» **Data for this exercise**:
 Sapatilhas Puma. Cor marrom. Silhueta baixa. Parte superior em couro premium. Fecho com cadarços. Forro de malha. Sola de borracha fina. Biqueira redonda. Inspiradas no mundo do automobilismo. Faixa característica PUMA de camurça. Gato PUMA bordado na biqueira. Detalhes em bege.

---

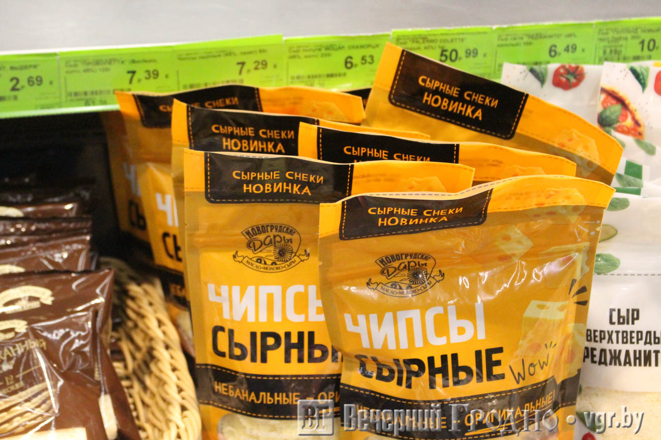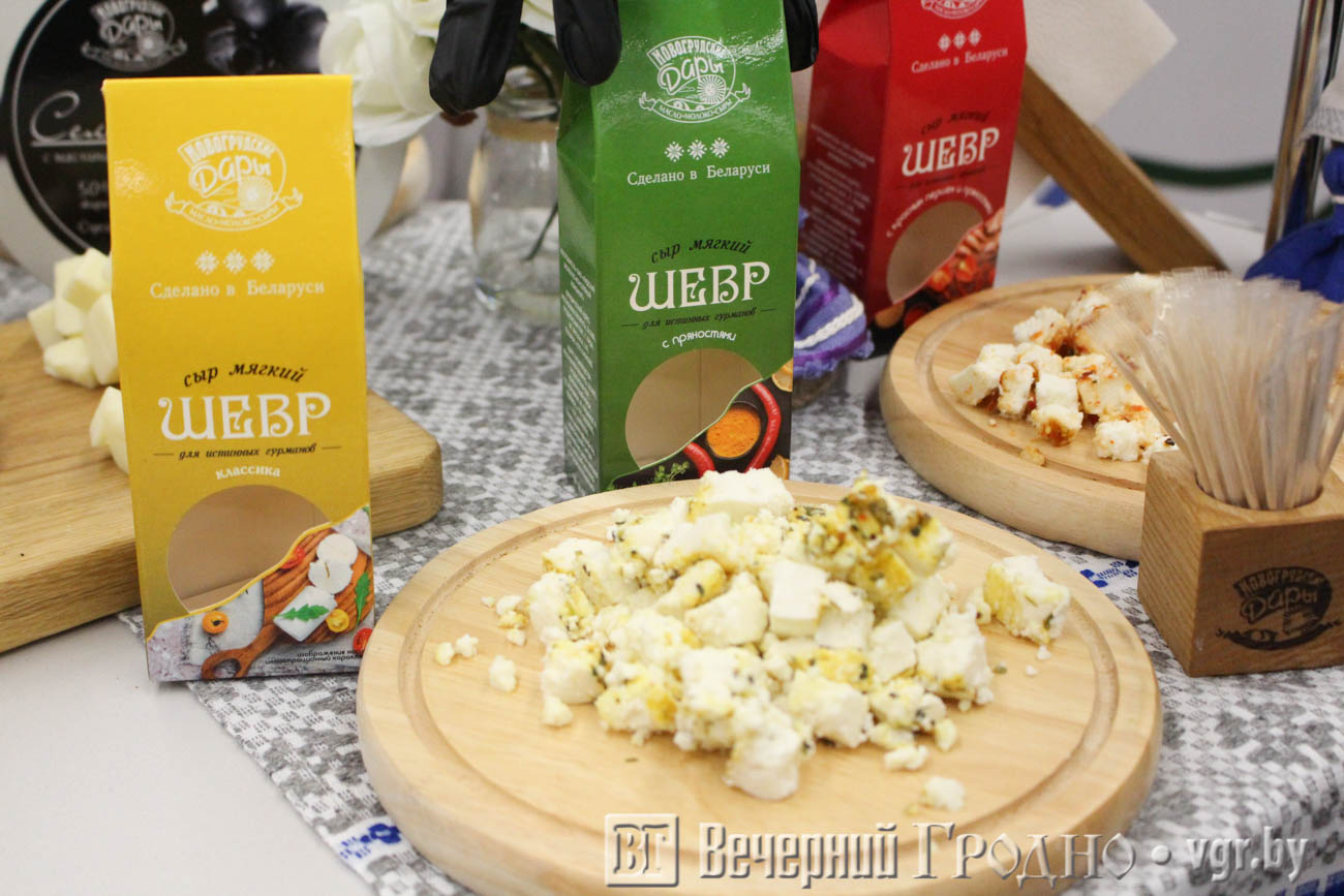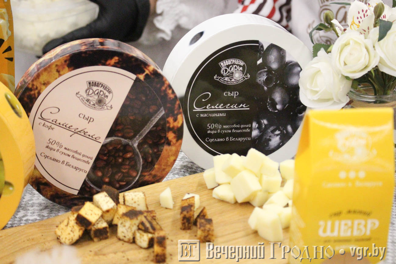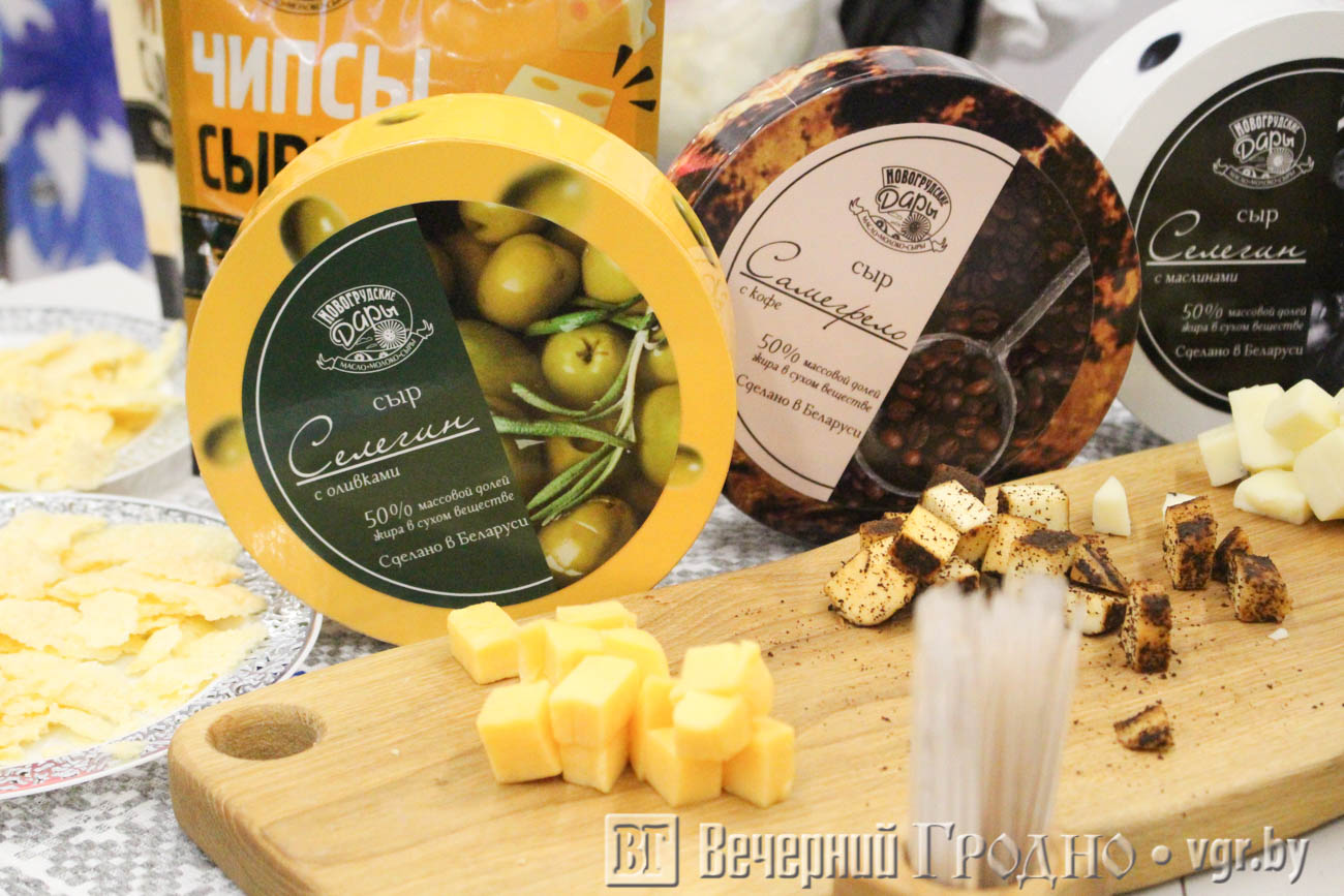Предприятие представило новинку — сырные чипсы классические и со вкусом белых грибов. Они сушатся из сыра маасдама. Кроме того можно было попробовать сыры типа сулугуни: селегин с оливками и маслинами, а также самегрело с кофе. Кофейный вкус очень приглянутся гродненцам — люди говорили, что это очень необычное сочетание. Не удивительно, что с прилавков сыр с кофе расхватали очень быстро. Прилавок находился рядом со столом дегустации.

--

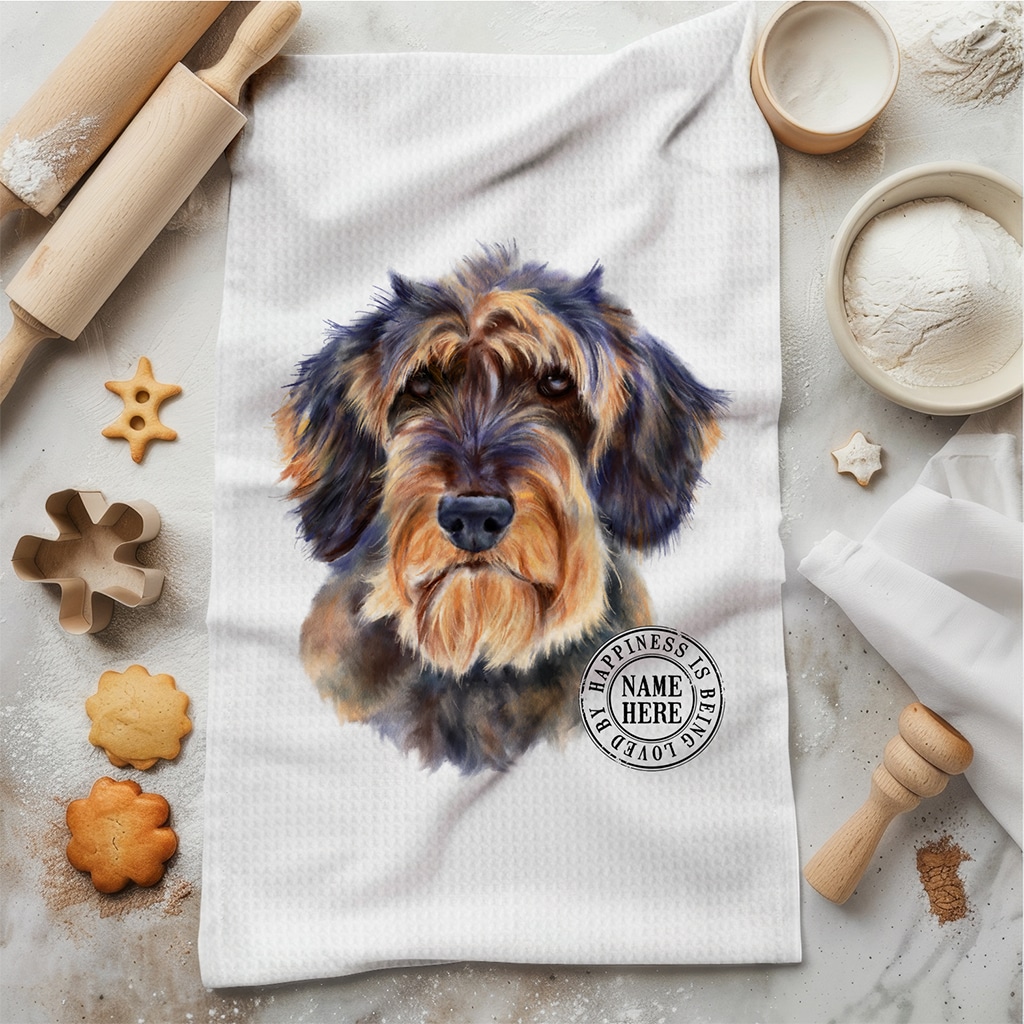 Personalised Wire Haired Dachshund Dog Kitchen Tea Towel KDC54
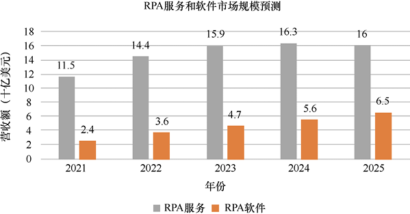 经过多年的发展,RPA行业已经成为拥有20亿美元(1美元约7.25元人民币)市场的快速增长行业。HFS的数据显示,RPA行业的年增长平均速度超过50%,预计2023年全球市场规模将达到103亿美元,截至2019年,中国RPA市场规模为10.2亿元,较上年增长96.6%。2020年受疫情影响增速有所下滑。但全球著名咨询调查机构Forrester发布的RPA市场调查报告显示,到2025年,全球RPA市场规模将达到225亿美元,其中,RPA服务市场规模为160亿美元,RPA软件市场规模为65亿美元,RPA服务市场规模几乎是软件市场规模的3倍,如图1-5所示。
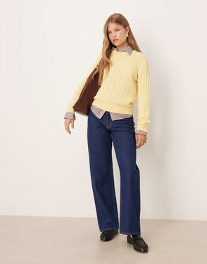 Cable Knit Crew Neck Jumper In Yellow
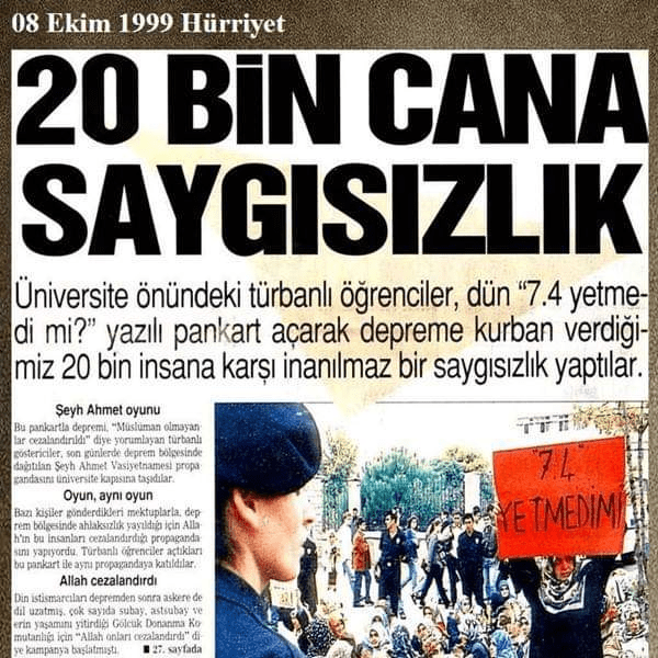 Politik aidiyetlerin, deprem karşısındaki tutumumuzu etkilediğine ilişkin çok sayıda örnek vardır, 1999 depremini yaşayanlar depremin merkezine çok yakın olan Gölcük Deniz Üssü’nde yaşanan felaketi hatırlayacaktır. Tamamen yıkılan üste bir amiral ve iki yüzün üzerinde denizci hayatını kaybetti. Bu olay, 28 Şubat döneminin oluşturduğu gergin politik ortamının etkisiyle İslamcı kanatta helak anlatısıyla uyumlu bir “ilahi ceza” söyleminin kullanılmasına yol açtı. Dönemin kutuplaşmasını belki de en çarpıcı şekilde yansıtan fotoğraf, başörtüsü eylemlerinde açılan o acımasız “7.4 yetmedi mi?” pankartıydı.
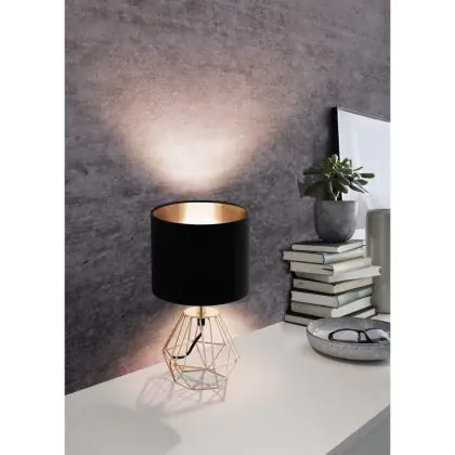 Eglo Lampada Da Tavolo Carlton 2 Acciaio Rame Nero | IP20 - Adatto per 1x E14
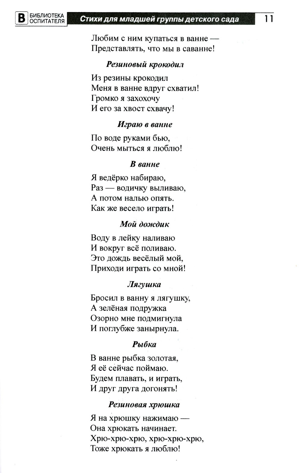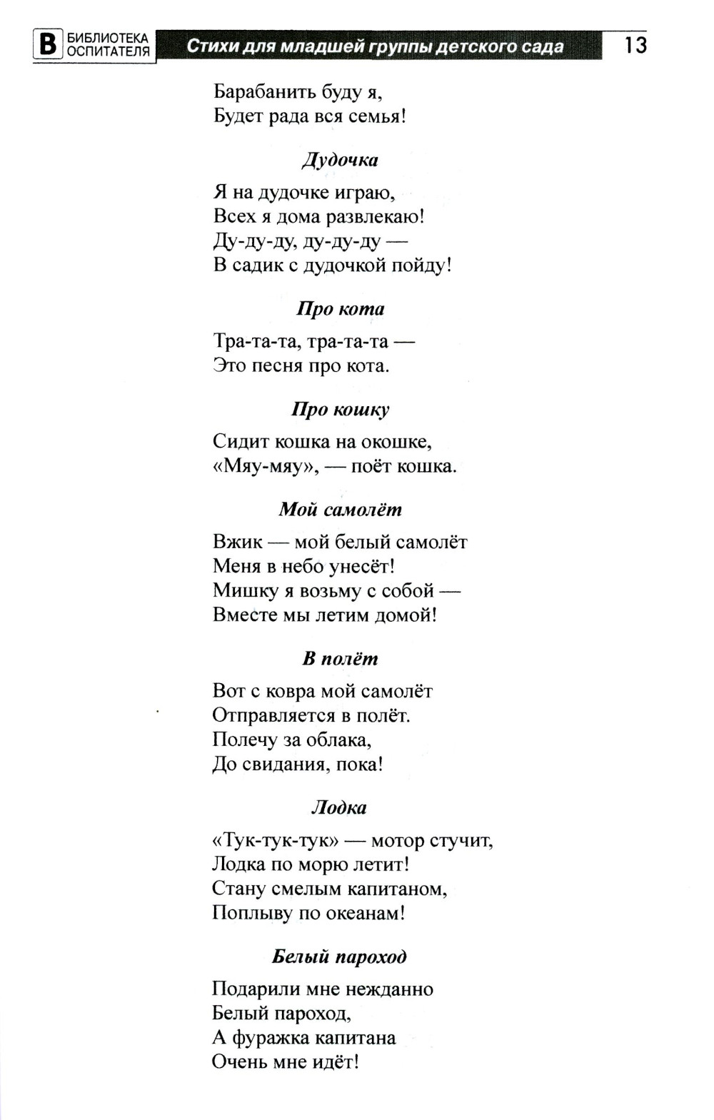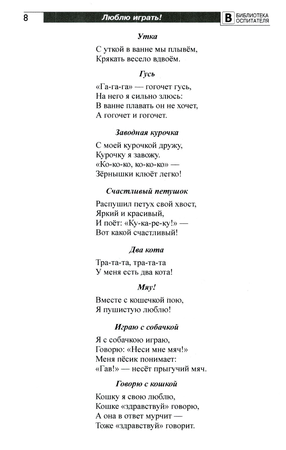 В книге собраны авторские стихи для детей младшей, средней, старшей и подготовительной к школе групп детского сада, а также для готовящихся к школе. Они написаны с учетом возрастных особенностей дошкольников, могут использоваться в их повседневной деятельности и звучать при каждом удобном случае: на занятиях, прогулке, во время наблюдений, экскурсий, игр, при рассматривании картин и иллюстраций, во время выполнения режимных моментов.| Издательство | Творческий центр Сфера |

» **Problem requirements**:
Exactly reproduce the lines above, starting at the one that contains "经过多年的发展,RPA行业已" and ending at the one that contains "Cable Knit Crew Neck Jumper In Yellow", both inclusive; leave the pictures out and add no other lines.

» **Solution to this task**:
 经过多年的发展,RPA行业已经成为拥有20亿美元(1美元约7.25元人民币)市场的快速增长行业。HFS的数据显示,RPA行业的年增长平均速度超过50%,预计2023年全球市场规模将达到103亿美元,截至2019年,中国RPA市场规模为10.2亿元,较上年增长96.6%。2020年受疫情影响增速有所下滑。但全球著名咨询调查机构Forrester发布的RPA市场调查报告显示,到2025年,全球RPA市场规模将达到225亿美元,其中,RPA服务市场规模为160亿美元,RPA软件市场规模为65亿美元,RPA服务市场规模几乎是软件市场规模的3倍,如图1-5所示。
 Cable Knit Crew Neck Jumper In Yellow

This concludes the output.